THE PROBLEM >> Would you please repeat all of the data exactly, omitting the pictures?

DATA EXTRACT >>
________________
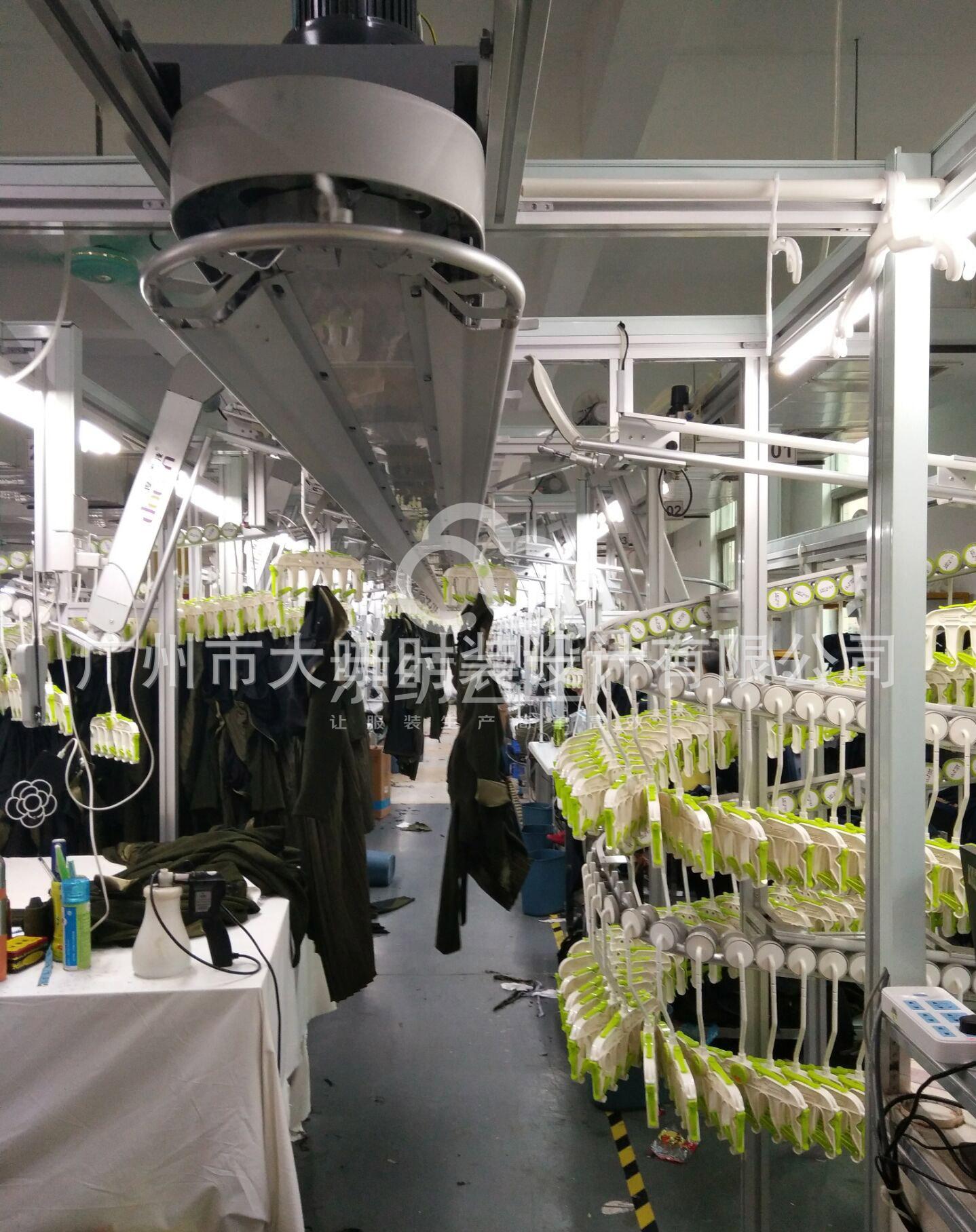 裤头车:2台,挑脚机:1台,剪线机:2台,验布机:1台,钉扣:1台,自动打扣机:2台,平眼:1台,平车:15台,电烫炉:2台,针扣机:2台,直眼:1台,电脑凤眼:2台,打边机:3台,双针车:2台,电剪:2台,烫台:3台,冚车:2台,唛架机:1台,锅炉:3台,水空调:2台,裁床:1台,五线:2台,四线:2台
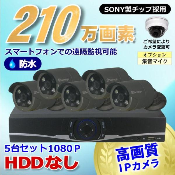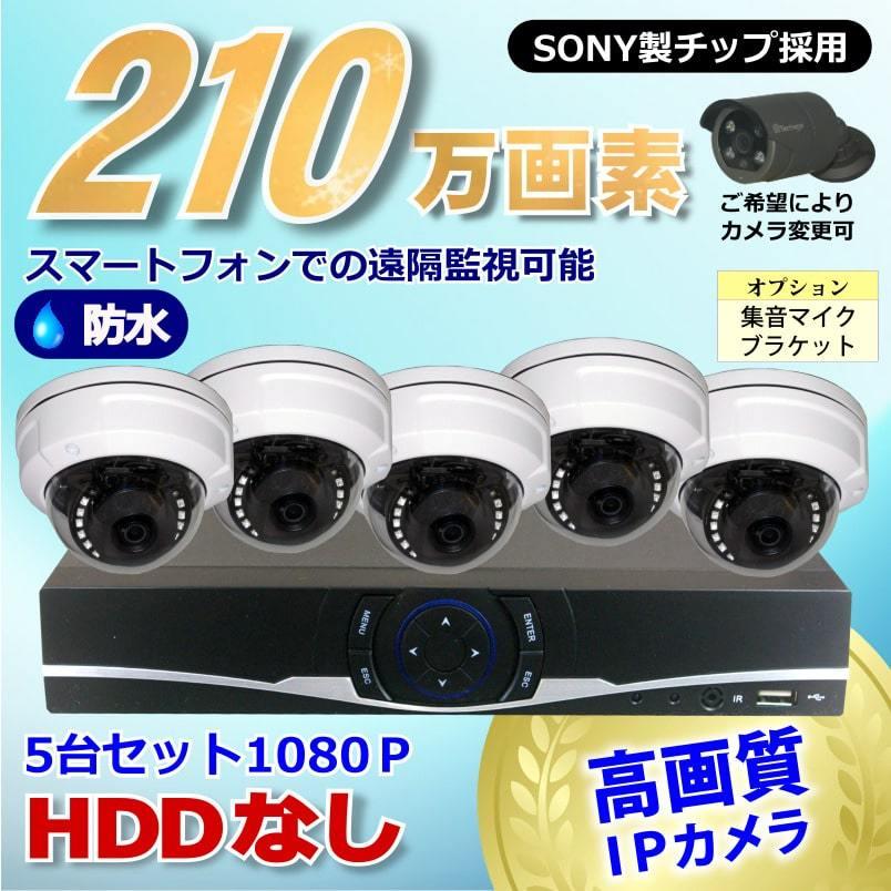 防犯カメラ 210万画素 8CH NVR レコーダー SONY製 防水 ドーム型 IPカメラ 5台 セット 音声入力 LAN接続 HDDなし 1080P 監視カメラ ネットワーク 夜間撮影
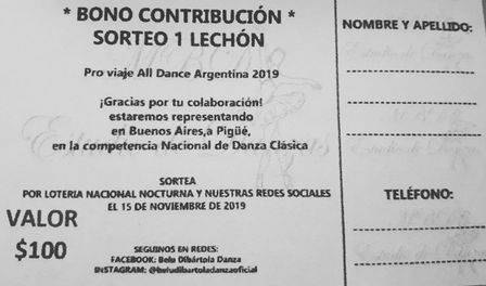 Para participar de una competencia, la de All Dance Argentina, MBD Estudio de Danzas vende este bono contribución.
________________
REPLY >>
 裤头车:2台,挑脚机:1台,剪线机:2台,验布机:1台,钉扣:1台,自动打扣机:2台,平眼:1台,平车:15台,电烫炉:2台,针扣机:2台,直眼:1台,电脑凤眼:2台,打边机:3台,双针车:2台,电剪:2台,烫台:3台,冚车:2台,唛架机:1台,锅炉:3台,水空调:2台,裁床:1台,五线:2台,四线:2台
 防犯カメラ 210万画素 8CH NVR レコーダー SONY製 防水 ドーム型 IPカメラ 5台 セット 音声入力 LAN接続 HDDなし 1080P 監視カメラ ネットワーク 夜間撮影
 Para participar de una competencia, la de All Dance Argentina, MBD Estudio de Danzas vende este bono contribución.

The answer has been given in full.